European Case Law Identifier: AT:OGH:2014:E107817
Spruch:
Zur Weiterführung des Pflegschaftsverfahrens wird das Bezirksgericht Steyr bestimmt.
Text
Begründung
Die Pflegschaftssache wurde zunächst beim Bezirksgericht Enns geführt. Die Bezirksgerichte‑Verordnung Oberösterreich 2012, BGBl II 2012/205 (BG‑VO OÖ 2012), führte zu einer Änderung der Zuständigkeit. Nach § 1 Z 1 dieser Verordnung wurde das Bezirksgericht Enns mit dem Bezirksgericht Steyr als aufnehmendem Gericht zusammengelegt. Nach § 2 Z 14 BG‑VO OÖ 2012 umfasste der Sprengel des letztgenannten Gerichts nun auch die Gemeinde St. Florian. Die Zusammenlegung wurde nach § 3 Abs 1 Z 2 BG‑VO OÖ 2012 mit 1. Jänner 2014 wirksam.
Rechtliche Beurteilung
Das Bezirksgericht Steyr stellte mit Beschluss vom 8. 1. 2014, GZ 15 Ps 9/14h‑13, den Antrag, der Verfassungsgerichtshof möge (unter anderem) die Nennung der Gemeinde St. Florian in der Aufzählung der zum Sprengel des Bezirksgerichts Steyr gehörenden Gemeinden (§ 2 Z 14 BG‑VO OÖ 2012) aufheben.

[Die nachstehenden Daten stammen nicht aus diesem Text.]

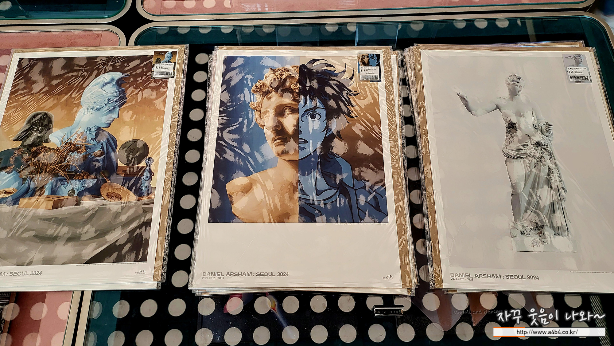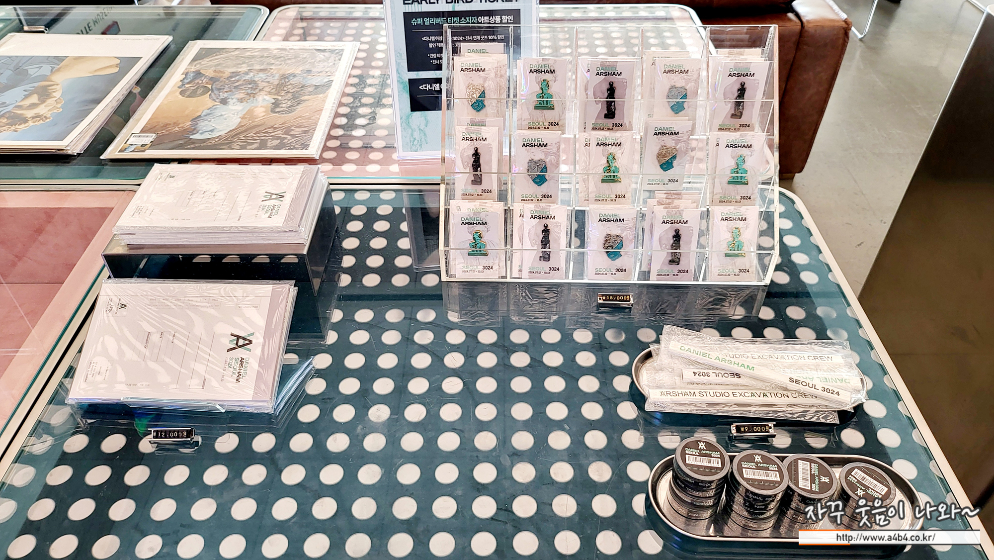 다니엘 아샴: 서울 3024 ㅡ 발굴된 미래 전시회 관람이 끝나면 입구 반대편에 아트샵과 카페가 위치해 있습니다. 포스터나 엽서 등 기본적인 기념품이 준비되어 있고요. 가격도 아트샵 상품 고려하면 합리적인 가격입니다.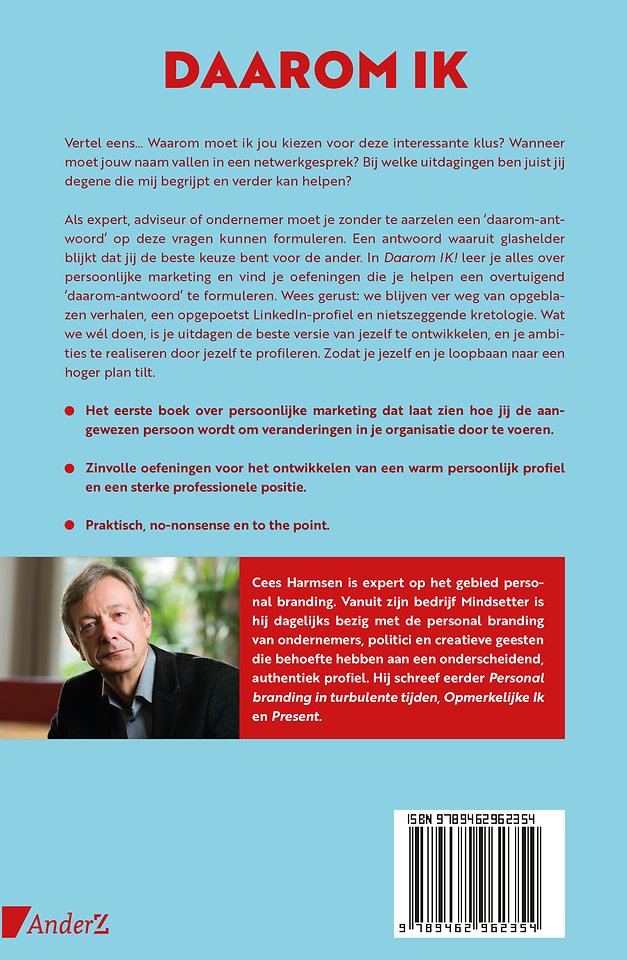 Als expert, adviseur of ondernemer moet je zonder te aarzelen een ‘daarom-antwoord’ op deze vragen kunnen formuleren. Een antwoord waaruit glashelder blijkt dat jij de beste keuze bent voor de ander. In 'Daarom IK!' leer je alles over persoonlijke marketing en vind je oefeningen die je helpen een overtuigend ‘daarom-antwoord’ te formuleren. Wees gerust: we blijven ver weg van opgeblazen verhalen, een opgepoetst LinkedIn-profiel en nietszeggende kretologie. Wat we wél doen, is je uitdagen de beste versie van jezelf te ontwikkelen, en je ambities te realiseren door jezelf te profileren. Zodat je jezelf en je loopbaan naar een hoger plan tilt.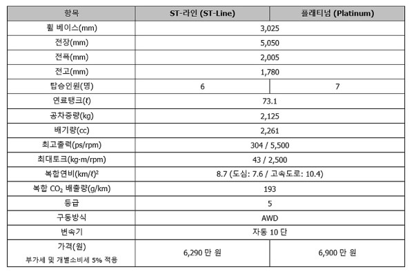 외관 디자인에서는 ST-라인에 스포트한 그릴 패턴과 레드 캘리퍼, 21인치 휠이 적용된다. 플래티넘은 오히려 20인치 휠이다. 또한 ST-라인은 2열 독립형 시트로 구성된 6인승, 플래티넘은 2열 벤치형 시트의 7인승 모델이다. 새로운 상품구성인데, 개별 트림의 장점이 있다.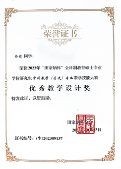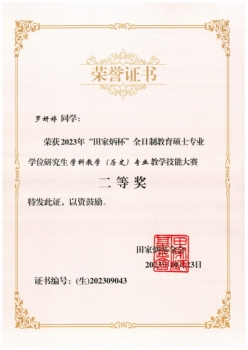 2023年10月20日至23日,在全国教育专业学位研究生教育指导委员会举办的“田家炳杯”全日制教育硕士专业学位研究生教学技能大赛中,我院2022级教育硕士学科教学(历史)专业罗妍婷同学获得二等奖,俞莉同学获得优秀教学设计奖,刘馗老师获得优秀指导教师奖。
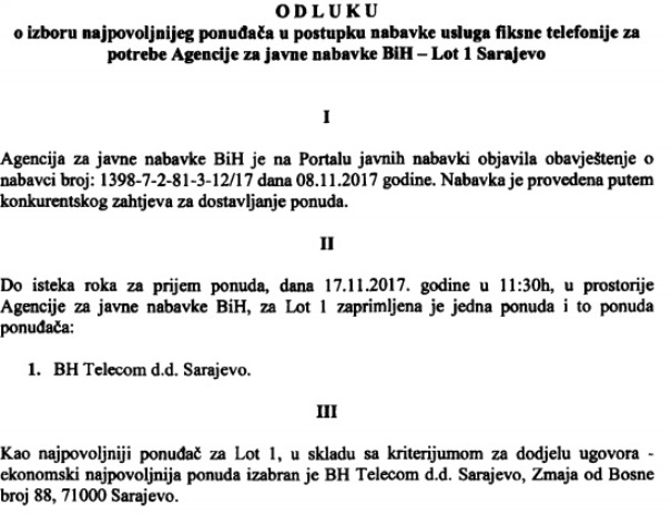 „Ugovorni organ je sam dao odgovor na pitanje. Obavezni si bili ispitati tržište, što očigledno nisu uradili, nego su samo tražili ponudu jednog ponuđača. Da su ispitali tržište vidjeli bi da su drugi ponuđači povoljniji i tražili bi više ponuda. Napominjemo da je BH Telekom izuzet iz primjene ZJN-a upravo iz razloga što je ova oblast izložena konkurenciji, te je svakako neprimjereno da jedna institucija koja treba da bude uzor svim drugim institucijama na ovakav način zloupotrebljava ZJN, na štetu javnih sredstava“, smatra Vukajlović.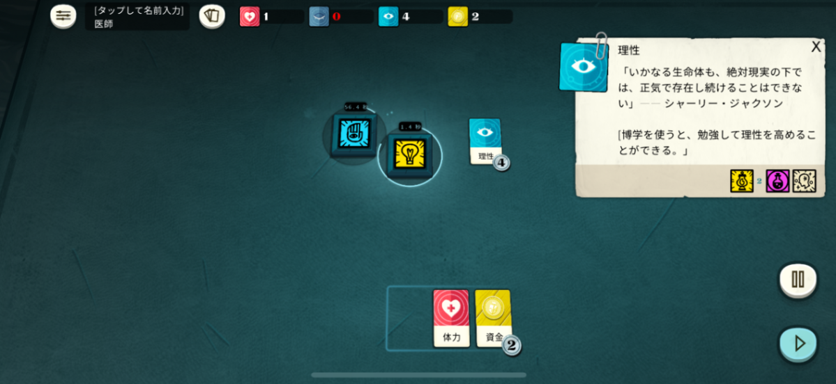 (ゲームの画面はこんな感じ。理性、資金、体力などのカードを上手く駆使してカードを集めたり、利用して進める)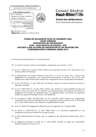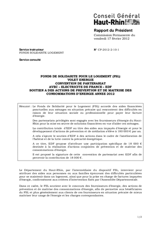 FONDS DE SOLIDARITE POUR LE LOGEMENT (FSL) VOLET ENERGIE CONVENTION DE PARTENARIAT AVEC « ELECTRICITE DE FRANCE » EDF SOUTIEN A DES ACTIONS DE PREVENTION ET DE MAITRISE DES CONSOMMATIONS D’ENERGIE ANNEE 2012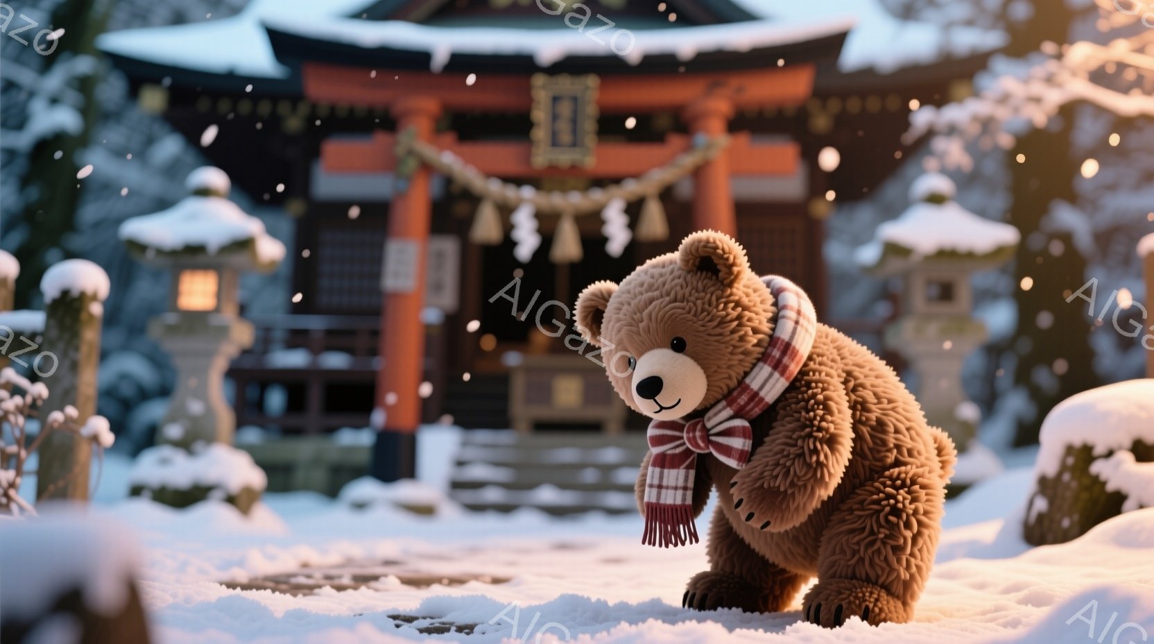 茶色のテディベアが雪景色の中で、赤いリボンと縞模様のショールで暖かく身を包んでいます。ベアは雪の上に座っており、少し微笑んでいるように見え、優しい表情をしています。背景には雪で覆われた階段と鳥居、そしてぼんやりと光る雪の中の灯篭があり、静かで冬らしい雰囲気を醸し出しています。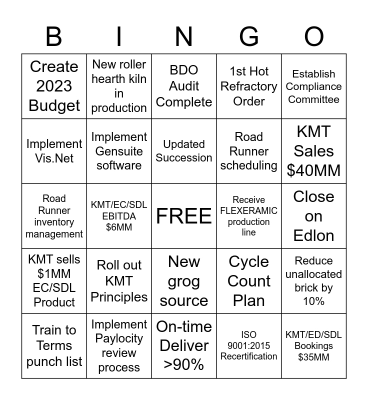This bingo card has a free space and 24 words: Roll out KMT Principles, Implement Paylocity review process, Updated Succession, Train to Terms punch list, Establish Compliance Committee, Create 2023 Budget, Implement Vis.Net, New roller hearth kiln in production, Receive FLEXERAMIC production line, New grog source, Road Runner scheduling, Road Runner inventory management, Cycle Count Plan, Reduce unallocated brick by 10%, Implement Gensuite software, ISO 9001:2015 Recertification, Close on Edlon, BDO Audit Complete, KMT Sales $40MM, KMT/EC/SDL EBITDA $6MM, KMT/ED/SDL Bookings $35MM, KMT sells $1MM EC/SDL Product, 1st Hot Refractory Order and On-time Deliver >90%.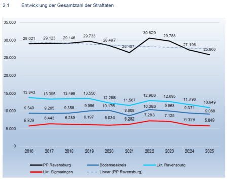 Das Polizeipräsidium Ravensburg hat die Kriminalitätsstatistik für das Jahr 2025 vorgestellt. Der Bericht fasst die Entwicklungen der Straftaten […]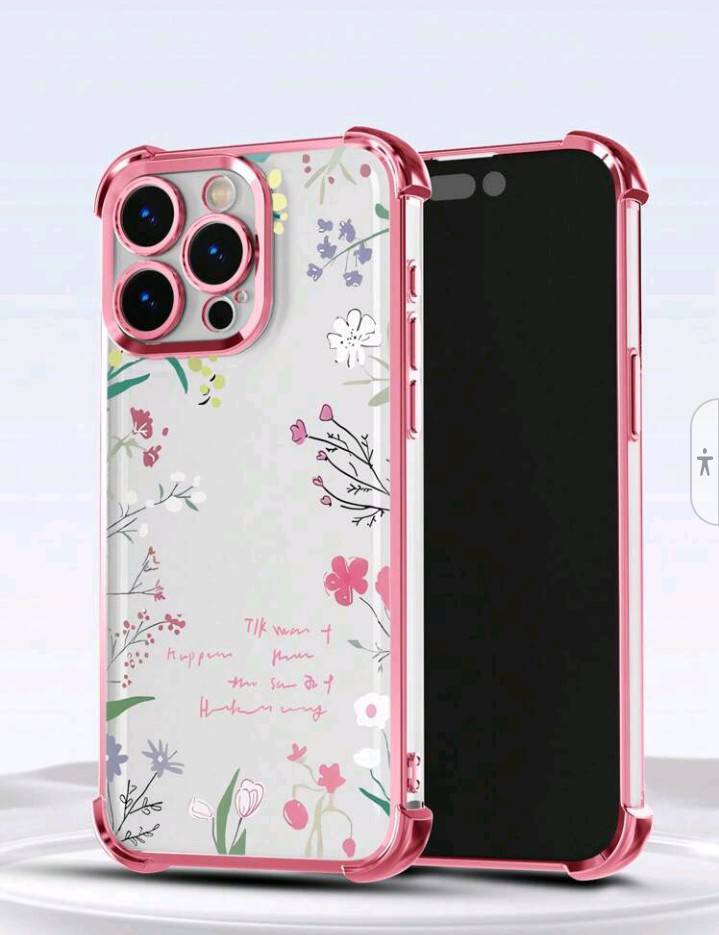 GalaxyS21 ピンクフラワー柄 メッキ加工風 Galaxyケース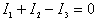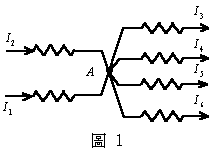 電流定律: 從電路中任可一個接點來看,流入接點電流總量等於流出電流總量。如果約定流入接點的電流方向為正,流出為負,則可說通向接點各電路的電流總和為零,即 |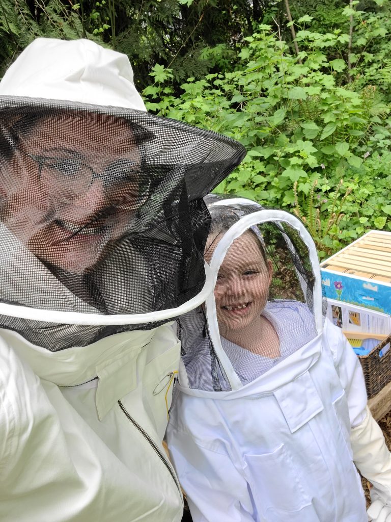 My 7 year old is a natural beekeeper and I can’t believe how calm & comfortable she is with the bees. She amazes me!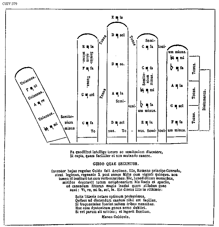 [379][CSIV:379; text: Unisonus. [Gamma] ut A re [sqb] mi Semitonium minus E la F fa Tonus G sol C fa E la D sol A la C fa [rob] fa A la F fa Diatessaron. Fa quodlibet intellige tonum ac semitonium discutere, Si cupis, quam facilliter et non mutando canere. GUIDO QUAE SECUNTUR. Inventor hujus regulae Guido fuit Aretinus. Ille, Romano principe Conrado, sicut legimus, regnante X post annos Mille cum viginti quinque, non tamen id instituit tot cum verbositatibus. Hic, benedictinus monachus, mirifice decoravit totum antiphonarium his lineis et spaciis, ad canendum litteras magis laudat quam sillabas quae sunt: Vt, re, mi fa, sol, la. Sic dicens illis in rithimis: Solis litteris notare optimum probavimus, Quibus ad discendum cantum nihil est facilius, Si frequentatae fuerint saltem tribus mensibus. Hoc esse dyatonicum genus nemo dubitet. Si vel parum sit sciolus; et legerit Boetium. Manus Guidonis.]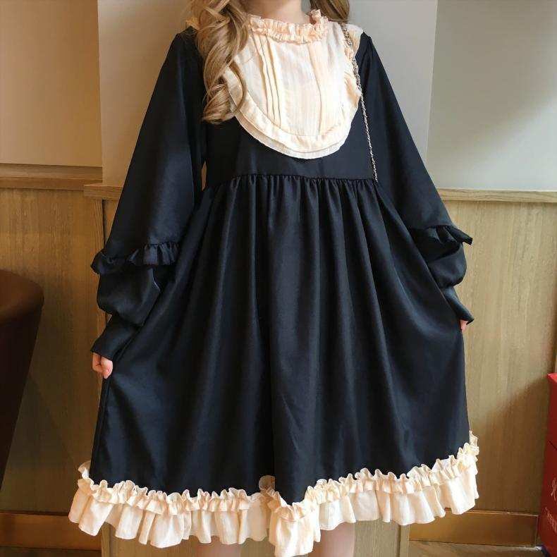 秋 冬 レディース ワンピース ゴスロリ ゴシック ロリータ 長袖 フリル 原宿系 バックリボン 黒 青 2カラー 膝上 ミニ丈 コスプレ イベント YN-10-101 | dress_sugar_moon
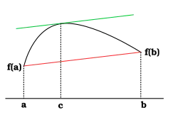 Nechť funkce je spojitá na intervalu , má derivaci v každém bodě intervalu a platí . Pak existuje bod takový, že .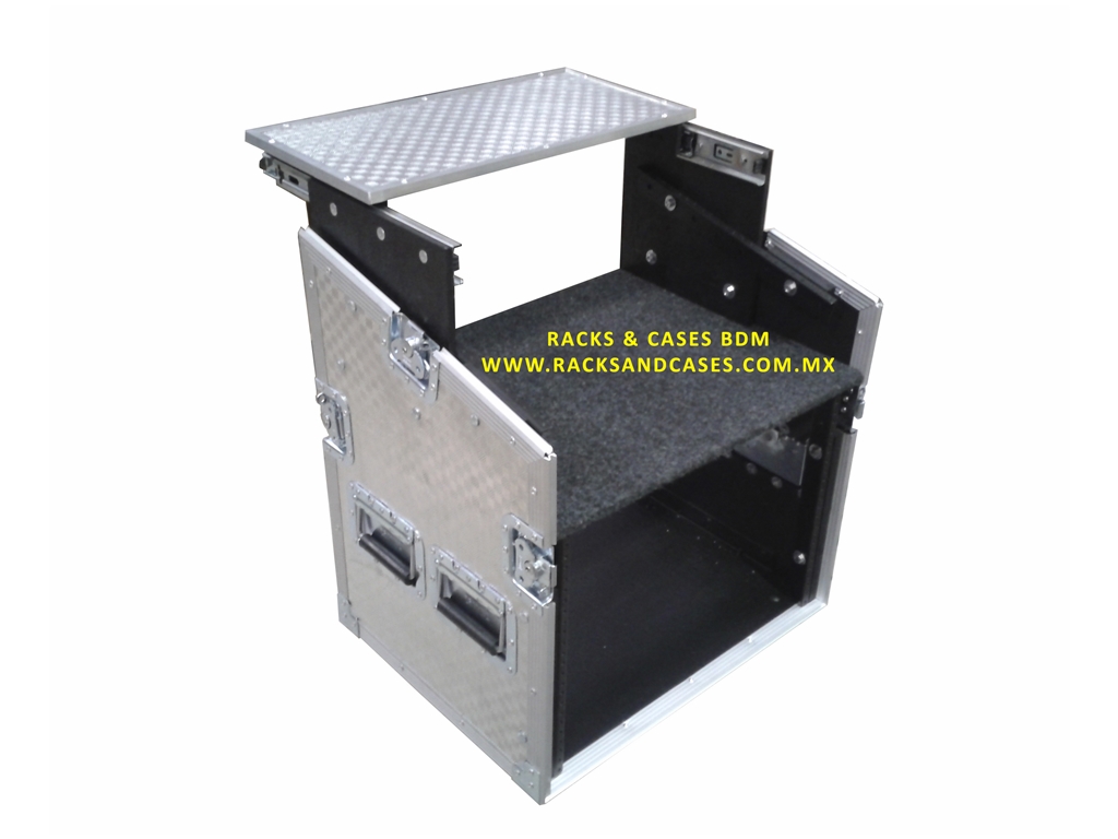 RACK 10 UR CON ESPACIO PARA MEZCLADORA, MESA PARA LAPTOP Y RUEDAS

Der Verfassungsgerichtshof hob mit Erkenntnis vom 11. März 2014, V 4/14‑17 ua das Wort „St. Florian“ in der genannten Bestimmung auf. Nach Art 139 Abs 6 B‑VG sprach er aus, dass die Aufhebung mit 30. September 2015 in Kraft trete.
Das Bezirksgericht Steyr legt nun den Pflegschaftsakt zur „Überprüfung der örtlichen Zuständigkeit und Delegierung des Akts“ dem Obersten Gerichtshof vor. Es vertrat die Auffassung, dass durch das Erkenntnis des Verfassungsgerichtshofs die weitere Zuständigkeit des Bezirksgerichts Enns festgelegt worden sei und daher kein Fall für eine Entscheidung nach § 28 JN vorliege.
Das Bezirksgericht Steyr ist nach § 28 JN als für die Weiterführung des Verfahrens zuständiges Gericht zu bestimmen.
Der Oberste Gerichtshof hat bereits in seiner Entscheidung 4 Nc 10/14d ausgeführt, dass bei Aufhebung einer Verordnungsbestimmung frühere Regelungen nicht wieder in Kraft treten. Das Erkenntnis des Verfassungsgerichtshofs hat daher nicht dazu geführt, dass das ehemalige Bezirksgericht Enns für den Anlassfall wieder existent geworden wäre. Aus § 109 JN ergibt sich kein örtlich zuständiges Gericht, sodass analog § 28 Abs 1 JN anzuwenden ist. Aus diesen Gründen hat der Oberste Gerichtshof von Amts wegen (§ 28 Abs 4 JN) ein örtlich zuständiges Gericht zu bestimmen. Kriterien bei der Auswahl sind die Sach‑ und Parteinähe, hier konkret die Wertung des § 109 Abs 1 JN, wonach ein dem Pflegebefohlenen räumlich nahes Gericht entscheiden soll. Auch wenn vom Wohnsitz des Minderjährigen in St. Florian gesehen das Bezirksgericht Steyr nicht das unmittelbar nächstgelegene Bezirksgericht ist, so hat die Ordination den Vorteil, dass die nunmehr zuständige Richterin mit der Rechtssache bereits beim Bezirksgericht Enns betraut war und diese Kontinuität im Verhältnis zum geringfügig weiteren Anfahrtsweg vorzuziehen ist.